Chelsea Flower Show left you peckish? Chef/owner of Craft London Stevie Parle gives us tips on using flowers in cooking
- Most things that grow as a fruit or vegetable have a flower you can eat, such as peas, broad beans, apples, cherries and courgettes.
But don’t just use flowers for food, they’re great as garnishes in drinks, too. Borage flowers aren’t just pretty, they’re also traditionally found in jugs of Pimms.
Lemon Verbena is an edible herb flower
- All herb flowers are edible, such as rosemary, sage, lemon verbena and mint.
- Once your herbs have flowered, cut them all back and dry the flowers. They make a great tea and the herbs will hopefully have a second burst of growth before they slow down for winter.
If you grow courgettes, pick the male flowers as soon as they come out. They’re the ones that just have stems rather than mini courgettes. The more you pick, the more will grow.

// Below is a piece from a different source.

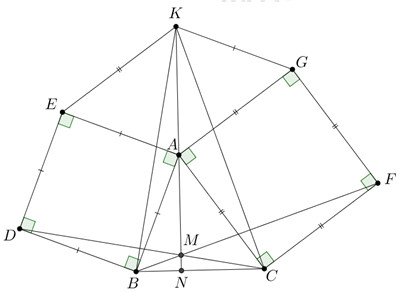 Cho tam giác nhọn \(ABC\). Dựng bên ngoài tam giác \(ABC\) các hình vuông \(ABDE,\) \(ACFG\) và hình bình hành \(AEKG.\)
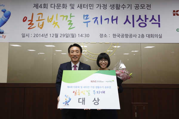 ÀÌ ¿Ü¿¡µµ À½½Ä¹®È­ÀÇ Â÷ÀÌ, ¾Ë¶ãÇÑ ½Ã¾î¸Ó´Ï¿ÍÀÇ ½ÃÁý»ìÀÌ, ±¸Á÷(Ï´òÅ)ÀÇ ¾î·Á¿ò µî ´Ù¾çÇÑ ¿¡ÇǼҵ尡 ´ã±ä ÀüÀº¼ø ¾¾(»õÅ͹Î, 37¼¼), ¹Ì³ª¹Ì Ä«³ªÄÚ ¾¾(ÀϺ», 37¼¼), ·ù¡ ¾¾(Áß±¹, 35¼¼) µîÀÇ ¼ö±âµéµµ ¼ö»óÀÇ ¿µ±¤À» ¾È¾Ò´Ù. À̹ø °ø¸ðÀüÀº ´Ù¹®È­ ¹× »õÅ͹Π°¡Á·ÀÇ À̾߱⸦ ÅëÇØ À̵鿡 ´ëÇÑ »çȸÀÇ °ü½ÉÀ» ³ôÀÌ°í ±¹¹ÎÀνÄÀ» ȯ±â½ÃŰ´Â °è±â¸¦ ¸¶·ÃÇϰíÀÚ Áö³­ 2011³âºÎÅÍ Çѱ¹°øÇ×°ø»ç¿Í ¾î¸°ÀÌÀç´ÜÀÌ ¼ÕÀ» Àâ°í ÃßÁøÇϰí ÀÖ´Â »ç¾÷ÀÌ´Ù.

Elderflower being all versatile
- Everyone knows about elderflower cordial, but elders are good for loads of things. Salad dressings, deep fried with honey, in a jelly. They’re full of flavour.
- Cooking with roses is great as they have a strong flavour that goes well with desserts. But while they may be prettier than the ones in your garden, don’t use roses from the florist. They’ve often been sprayed with food pesticides.
- Roses are great for savoury dishes, too. Pickle them in a two parts vinegar to one part water and one part sugar mixture...
- Pick flowers on a sunny day. Rain washes out flavours and they’re more aromatic on a sunny rather than shady day.
- Potato flowers are poisonous. And so are rhubarb leaves. Watch out.